Ежи Жулавский - Древняя Земля
— Мы этак запутаемся в сравнениях, — заметил Яцек. — Потому оставим в стороне животных и птиц, пусть даже королевских. Возможно, сравнение звучит красиво, но оно всегда неточно и приводит к ошибочным выводам. Все-таки, невзирая на то, что вас окружает, вы, как монарх, стоите над толпой, и она слушает вас.
В ответ раздался резкий, язвительный смех.
— Ха-ха-ха! Знаем, слышали эти прекрасные теории, которые, кстати, сами же мы и придумали в утешение себе! Я понимаю, вы думаете: всякое подлинное искусство является властью над душами, внушением другим людям собственных чувств, представлений, мыслей. И вы действительно верите, что это так?
— Да, это так.
— Было. Но в столь давние времена, что сейчас они кажутся легендой, да к тому же и неправдоподобной. Но так действительно было. Здесь, где мы сейчас с вами стоим, когда-то возносились исполинские храмы и стояли гранитные боги — таинственные, внушавшие ужас. Да, да, здесь — вместо этих отелей и заурядных домов, сделавших весь мир одинаковым. Но тогда не только искусство, но и мудрость, и знание были царями, а не наемными слугами, как сейчас.

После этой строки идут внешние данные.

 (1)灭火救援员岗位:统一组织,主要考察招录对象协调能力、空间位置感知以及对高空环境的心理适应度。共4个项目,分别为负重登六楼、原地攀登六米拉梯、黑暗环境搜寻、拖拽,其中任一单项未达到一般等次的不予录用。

Яцек молча слушал. По выражению его лица невозможно было понять, согласен ли он с Грабецом или просто не хочет с ним спорить. А тот, прислонясь спиной к стволу пальмы, задумчиво говорил, и казалось, его даже не интересует, слушают его или нет: он просто развивал перед самим собой давно выношенные, наболевшие мысли.

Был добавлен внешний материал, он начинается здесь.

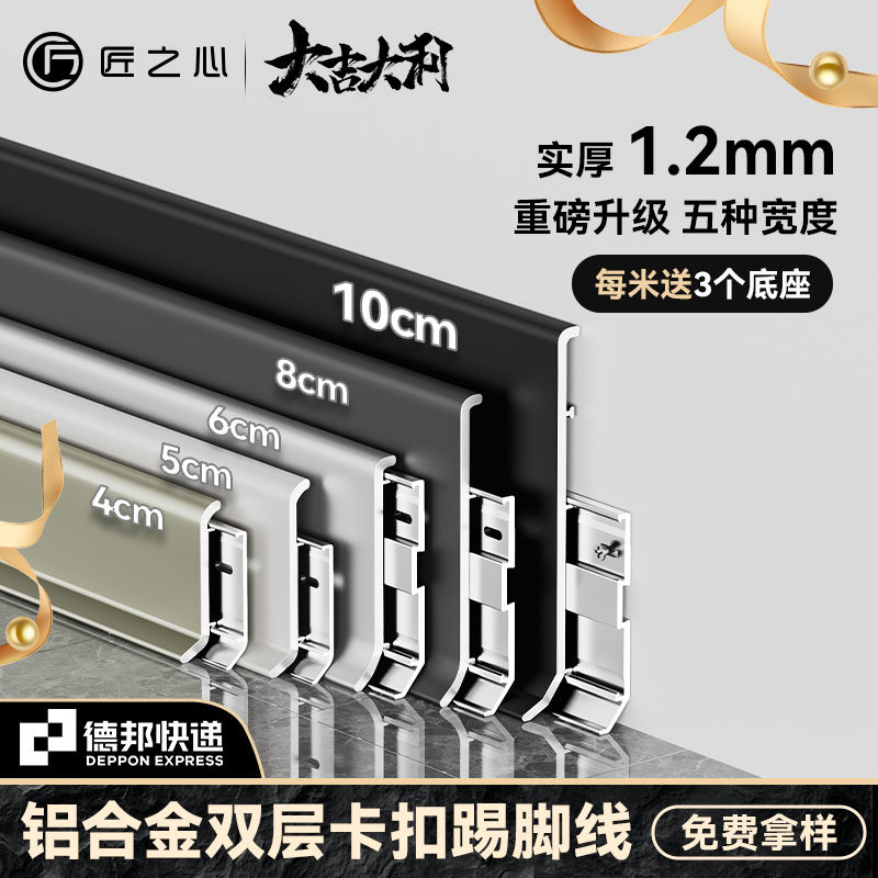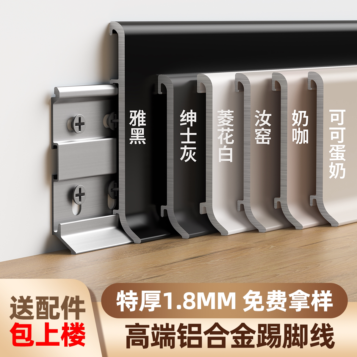 アルミ合金ベースボードスナップオンオールアルミフットライン 6cm8cmステンレス超薄型ミニマリストメタルフットライン

— Так было в Греции, в Аравии, в Италии, в Европе примерно до середины девятнадцатого века. Великие художники прошлого, порой даже умиравшие с голоду, были самодержавными властителями народов, вели их за собой, возносили, низвергали в прах. Зажигали пожар или превращали диких зверей в задумчивых ангелов. У них были подданные, которые были готовы и хотели повиноваться им, но как только художники поддались под власть своих подданных, тут же утратили их. Теперь мы наемники, которых держат, чтобы они поставляли умиление, высокие слова, звуки, краски, точно так же, как вас, мудрецов, держат ради знаний, а коров ради молока.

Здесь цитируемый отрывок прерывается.